I believed it after the first story.
I was impressed by how much evidence the author had by the third story.
After hours spent listening to different versions of the same thing, I’m now considering choosing a different book to read.
PhDs often have this notion that all the relevant evidence for something needs to be presented to maximize the chances that you will convince the reader. Not just different data showing the same thing, but also data showing different angles on the same message that makes it even more robust.
That’s not always wrong, but it sure doesn’t help persuade an audience that has stopped paying attention.
You need to calibrate how much data you include to back up your points. Too little and you’re just spewing folk wisdom. Too much and you’re drowning people in numbers they don’t want to swim in.

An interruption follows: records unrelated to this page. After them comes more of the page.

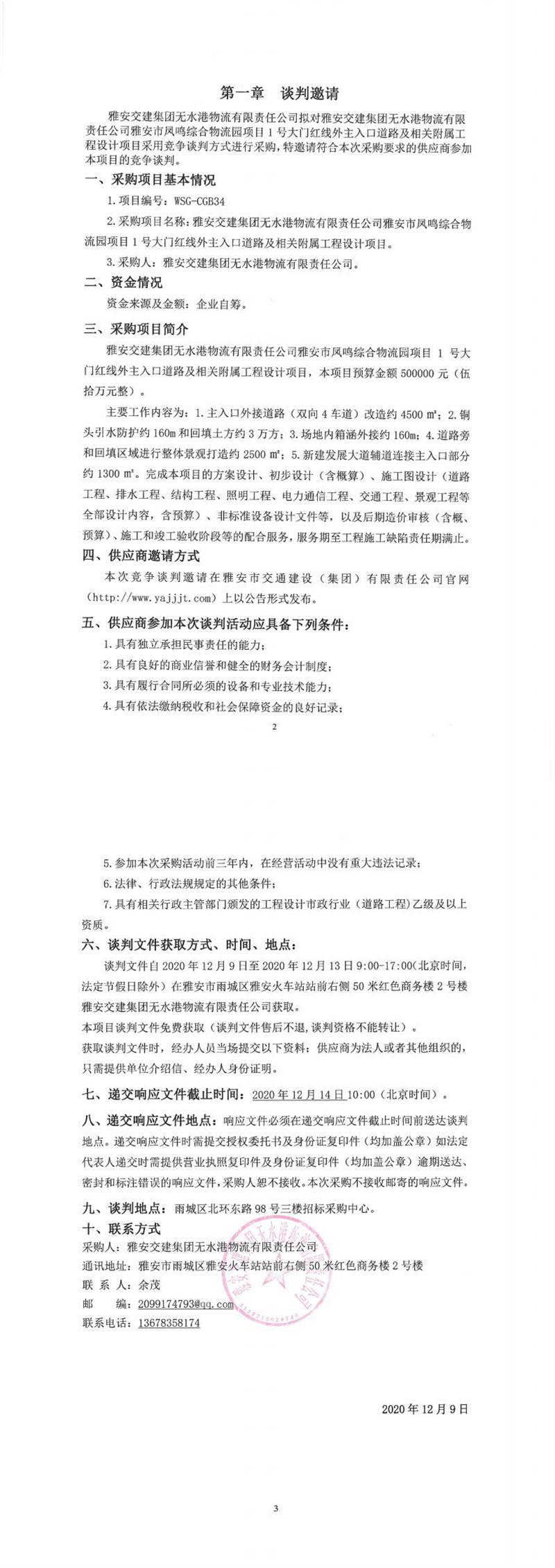 雅安交建集團(tuán)無(wú)水港物流有限責(zé)任公司雅安市鳳鳴綜合物流園項(xiàng)目1號(hào)大門紅線外主入口道路及相關(guān)附屬工程設(shè)計(jì)項(xiàng)目競(jìng)爭(zhēng)談判公告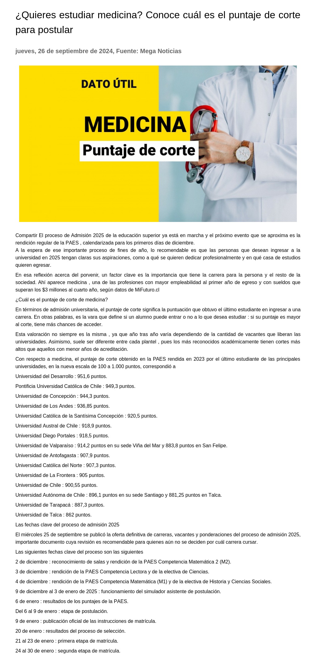 ¿Quieres estudiar medicina? Conoce cuál es el puntaje de corte para postular 26-09-2024 Mega Noticias Compartir El proceso de Admisión 2025 de la educación superior ya está en marcha y el próximo evento que se aproxima es la rendición regular de la PAES, calendarizada para los primeros días de diciem... |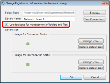 (The [Use database for management of folders and files] check box is selected, the default color of [Library Icon] is green)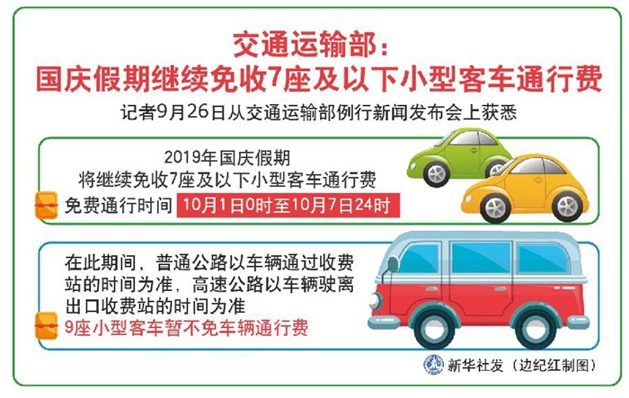 记者26日从交通运输部例行新闻发布会上获悉,今年国庆假期,将继续免收7座及以下小型客车通行费,免费通行时间为10月1日0时至10月7日24时,在此期间,普通公路以车辆通过收费站的时间为准,高速公路以车辆驶离出口收费站的时间为准。9座小型客车暂不免车辆通行费。

There’s no universal “right amount” of data for every situation. My suggestion? Test it out before you share it with the actual audience.
Clarity over precision
This last point is probably the only controversial one on this list. It’s one that I still struggle with, and you will probably fight for a long time.

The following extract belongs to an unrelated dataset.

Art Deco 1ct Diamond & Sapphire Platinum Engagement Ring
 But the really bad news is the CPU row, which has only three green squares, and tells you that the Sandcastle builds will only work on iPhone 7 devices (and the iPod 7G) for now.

Often when you’re writing for a non-technical audience, you have to choose between a simple statement that’s not very precise and a complex statement that’s confusing.

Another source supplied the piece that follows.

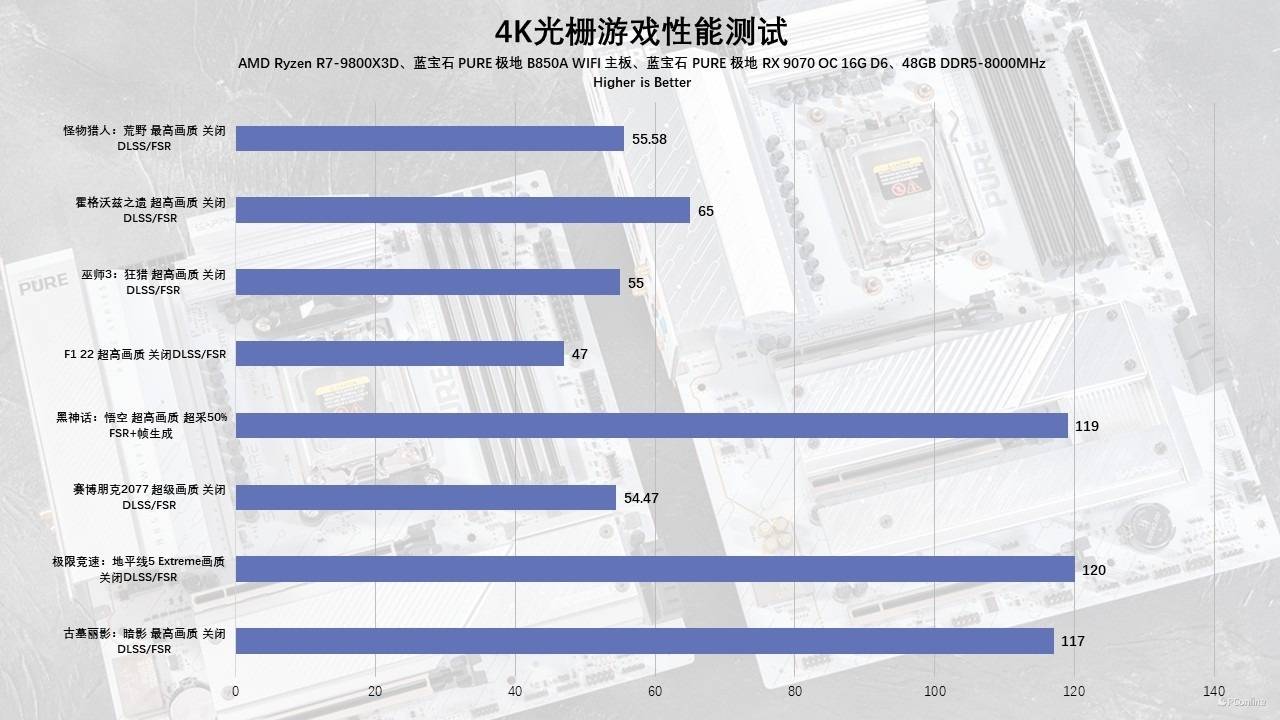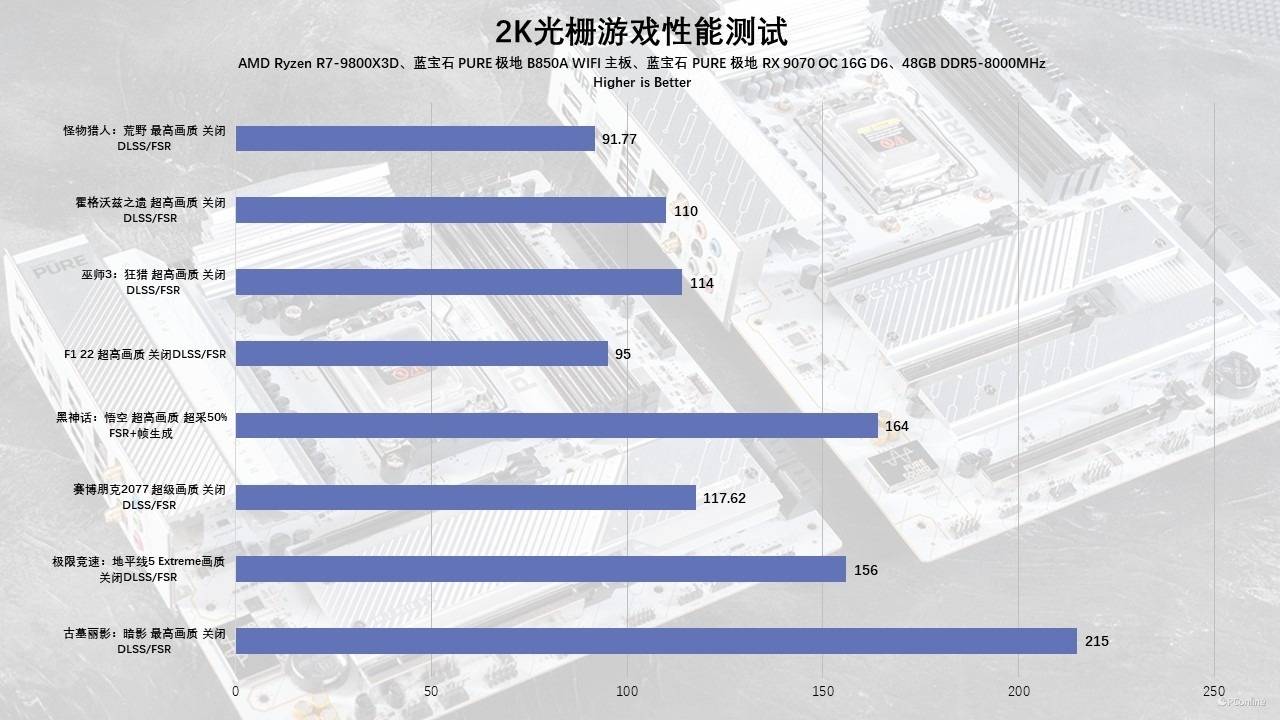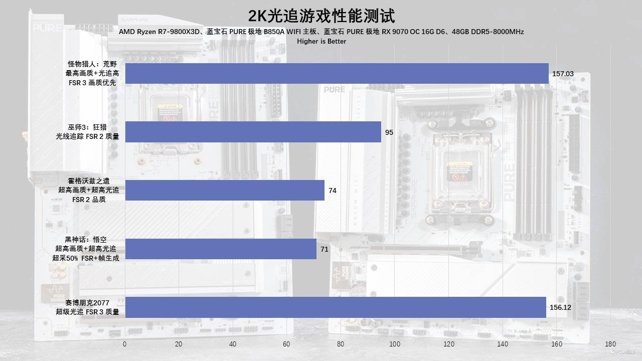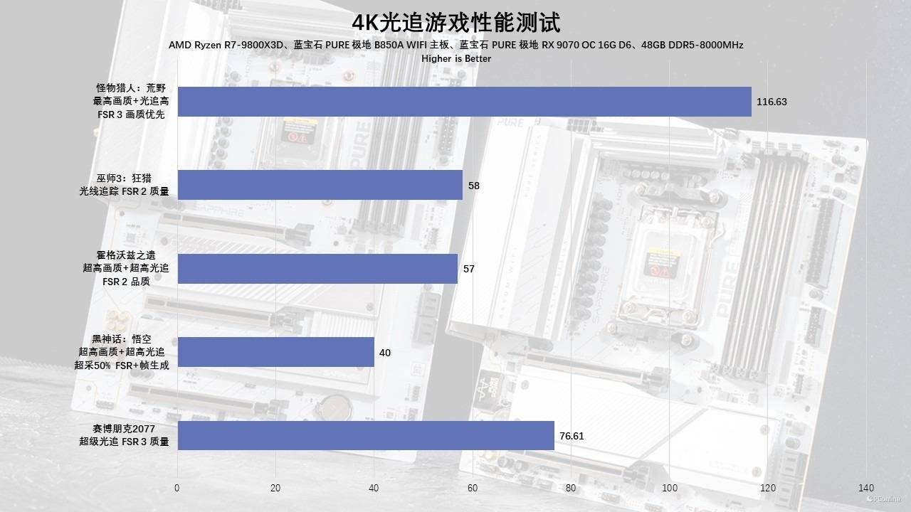 总的来说,游戏玩家完全无需担心3A平台的实力,在我们测试的多款游戏中,9800X3D搭配蓝宝石PURE极地B850A WIFI与蓝宝石PURE极地B850M WIFI主板以及蓝宝石PURE极地AMD RADEON RX 9070 16GB GDDR6 OC显卡,面对各类热门3A大作皆能应对自如,2K分辨率甚至是4K分辨率下,开启光追特效后借助FSR技术也可畅快游玩。

In most situations, a simpler sentence is the correct choice.
Before you hurl stones and demand I return my Ph.D., hear me out.
I’m not telling you to fabricate data or lie about the science.
Communication and storytelling is an art form. It’s a matter of putting information in a structure that captures people’s attention, makes them feel a certain way, gets them thinking differently, and motivates them to do something about it.
It’s not a scientific practice, but if you want to share knowledge with non-PhDs, you’re going to have to pick up some new skills.
To revisit the main point of all of these tips, the likely reason you’re trying to communicate outside of academic circles is to effect change.
You want your words to leave the audience in a different mindset than before. You want them to know things, internalize them, and act on them.
Sometimes precision gets in the way of that.
You’ve probably called someone out for doing this before. “They’ve completely skipped over the nuance!”
And you would be correct.
But then imagine someone asked you “If you had to assign that sentence a score, where 0 means totally false and 100 means totally true, what would the score be?”
If that sentence scores 80 out of 100, it’s probably good to go.
Is 80 out of 100 universal, or a specific number you measure? Absolutely not.
But it’s an example of what it means to simplify a message to get the point across.
If you’ve only written for an academic audience, this advice sounds like heresy. How DARE you suggest I compromise on the truth for the sake of simplicity?
Your discomfort comes from a quirk of academic culture.
Scholars are expected to be able to take complex pieces of information and quickly come to a reasonable conclusion. Especially if it’s information related to their field. If they don’t understand what you wrote, that’s THEIR fault and responsibility to rectify.
When you communicate to the rest of the world, it’s YOUR responsibility as a communicator to make sure people get it.
At the end of the day, it’s about priorities
Unless you get good, you have to decide.
The choice is between having your audience know a condensed version of what you know, versus your audience getting bored and confused, having learned nothing because you couldn’t escape your PhD training.